With S.T.A.L.K.E.R: Shadow Of Chernobyl we wanted to establish a 'what if' scenario based on the very real and very terrible events of 1986 when Reactor Four at Chernobyl blew. Our storyline posits a second explosion in 2006 that essentially creates what we call The Exclusion Zone around the reactor site. It's this Zone that defines the scope of the game as it contains the perversion of nature as effected by the release of such a high dose of radiation. Here we can create an area that allows the range of incidents and opportunities we need for a game of such ambition. Here we can set up our own laws, both natural and unnatural, in which the 'real' world can interact in a way that feels acceptable for gamers.

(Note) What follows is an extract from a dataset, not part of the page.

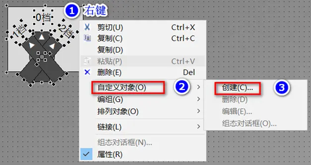 选择所有对象,然后鼠标点击右键,选择“自定义对象”下的“创建”来创建一个自定义对象。
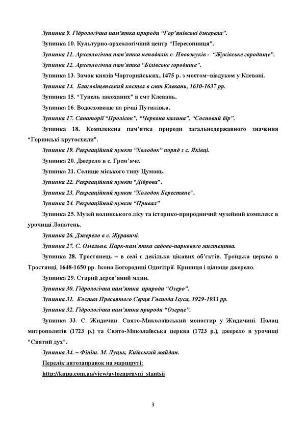Пропонуються пункти зупинки, які туристи можуть обрати на свій вибір. Маршрут пролягає асфальтованими дорогами.

The mutative signs of the radiation can be seen and felt in ways that maintain a cohesive reality. In the Zone this radiation has effected massive changes to the environment. The region becomes a place where mutants come in many different forms and with many different abilities. As varied as nature itself, these side effects of the second explosion roam the area, turning it into a lawless, uncontrollable land that is twisted for individual need and greed. The creatures here are possessed of more than natural cunning. These hyper intelligent abnormalities are more than a match for anyone, however well armed, who enters the Zone looking for personal gain. And so few even think of making such an attempt. Scientific and military expeditions quickly cease their forages and the tendency to disappear produces too high a cost. Sealing off the area and politically defining the Zone, the Government's position appears to be one of containment. And whilst it appears to be working in terms of preventing the horrors from escaping, it overlooks the need to keep other horrors from entering.

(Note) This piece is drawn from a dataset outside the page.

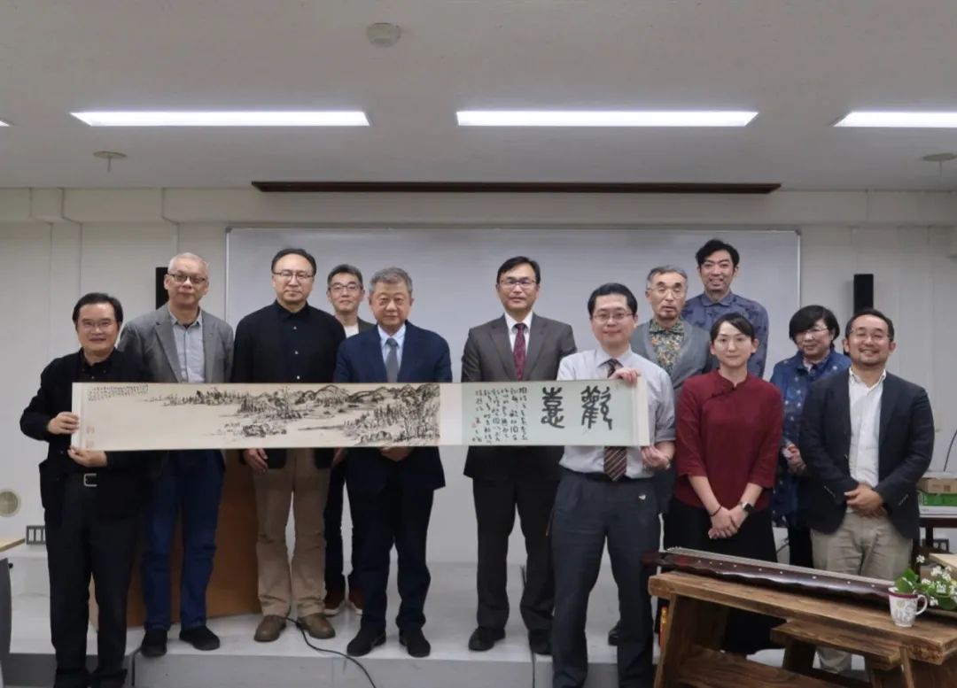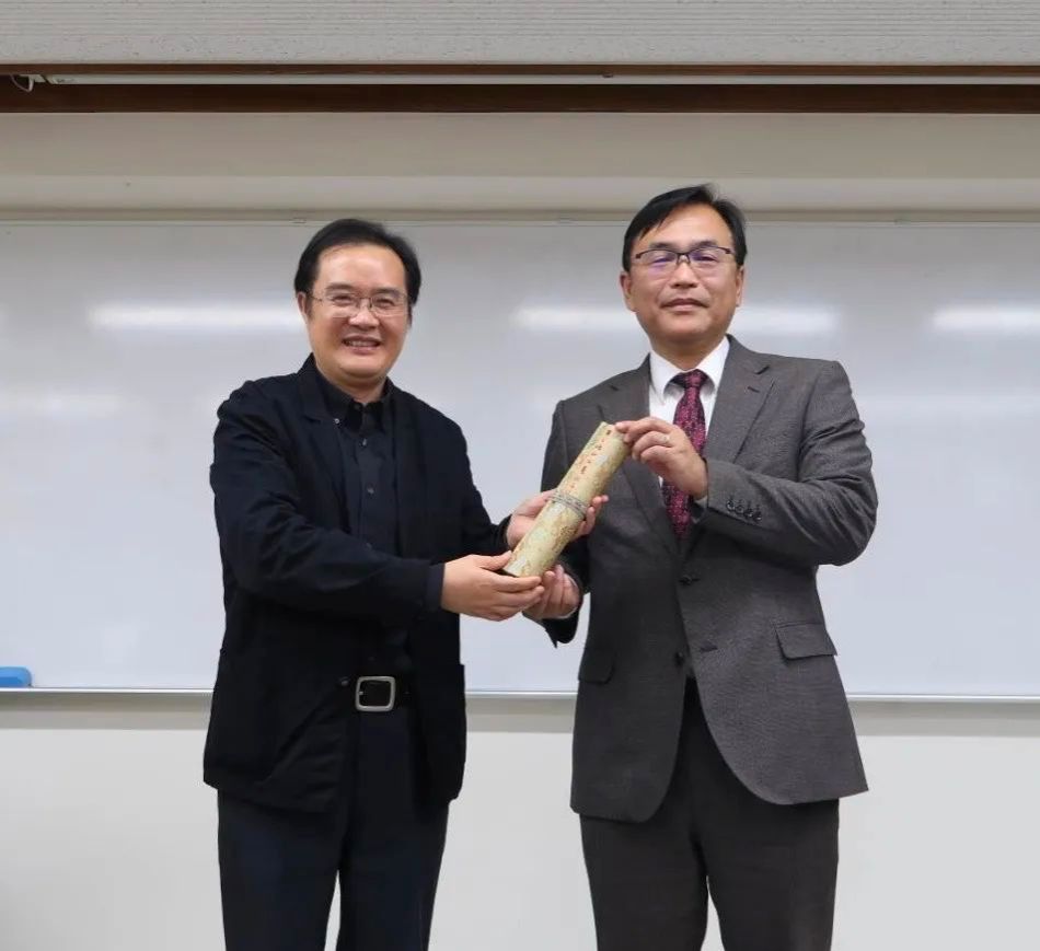 10月30日,东京大学东洋文化研究所举办“文人与艺术” UIA研讨会,朱天曙教授应邀出席,并作主题演讲。活动结束后,朱天曙教授将《渴笔书画卷》无偿捐赠给东京大学东洋文化研究所收藏,该研究所所长中岛隆博教授代表校方接受了朱天曙教授捐赠的手卷作品。

A new breed of mercenary is seen in the game. These are the S.t.a.l.k.e.r.s, a band of people linked by activity rather than formal affiliation. The stalker will risk his or her life in the Zone on a daily basis, looking for that lucrative job - whether it is retrieving an artefact for some rich collector, scouting for intelligence or even rescuing some other, hapless and would-be s.t.a.l.k.e.r. The s.t.a.l.k.e.r, just like the Zone they roam within, knows few boundaries and is as open to change as the mutations within.

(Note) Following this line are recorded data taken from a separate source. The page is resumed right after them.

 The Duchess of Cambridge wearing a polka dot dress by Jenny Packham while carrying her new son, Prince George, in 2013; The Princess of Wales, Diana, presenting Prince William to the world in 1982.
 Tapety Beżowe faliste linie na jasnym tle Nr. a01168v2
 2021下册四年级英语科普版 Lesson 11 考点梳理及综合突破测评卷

It's with these people that the game really starts six years after the second explosion. The Zone is a fully formed region, talked about in the media and home to all manner of abnormalities. S.t.a.l.k.e.r.s come and go regularly and the most experienced develop an affinity with the subtleties of the phenomenon. Knowledge is their first weapon and their first objective. Beyond this we have choice.
S.T.A.L.K.E.R: Shadow Of Chernobyl takes this choice as the bedrock of the game structure. Always aware of the presence of death - often in cruel and unusual disguises, a s.t.a.l.k.e.r will learn as much as possible about the environment. And there is a lot to learn. The Zone is constantly evolving, mutating into new forms as creatures of every size and shape shift about the land in response to built in urges or as a reaction to new dangers. This highly complex play of cause and effect makes for a difficult playing terrain and a randomness that prohibits complacency. Even anomalies become as much a part of the landscape as the sunrise (only far less predictable in their occurrence). Hunger, fatigue and the constant effects of radiation on the body play a key part for everyone within the Zone - notably the player's stalker who must take their own health and their own needs into consideration with every step they take.
It's this vastly evolved life simulation system that sets S.T.A.L.K.E.R: Shadow Of Chernobyl apart from other experiences. It sets new standards for the MMORPG approach to gaming and ups the stakes in action adventures. Objectives and missions become subject to the whims of individual choice as players integrate themselves in the S.T.A.L.K.E.R world. Non-player characters have their own priorities, some of which may or may not clash with those of the player. Their abilities grow as they become increasingly familiar with the landscape and the altered laws that govern it. How you react becomes as much a part in developing a sense of character as surely as finding new weapons or artefacts. Again we place huge emphasis on cause and effect within scenarios; the shoot now ask questions later approach will yield a vastly different outcome than that of invisible infiltration.
Hundreds of possibilities are open to a s.t.a.l.k.e.r within the Zone and not every danger will present itself in physical form. The beauty and achievement of the game's parameters is to establish a hyper realistic world that at once seems eerily familiar and dangerously alien. Should a player work to uncover the secrets of the Zone, and of the phenomena within then they can face over eight different endings offering a vastly rewarding game-play experience.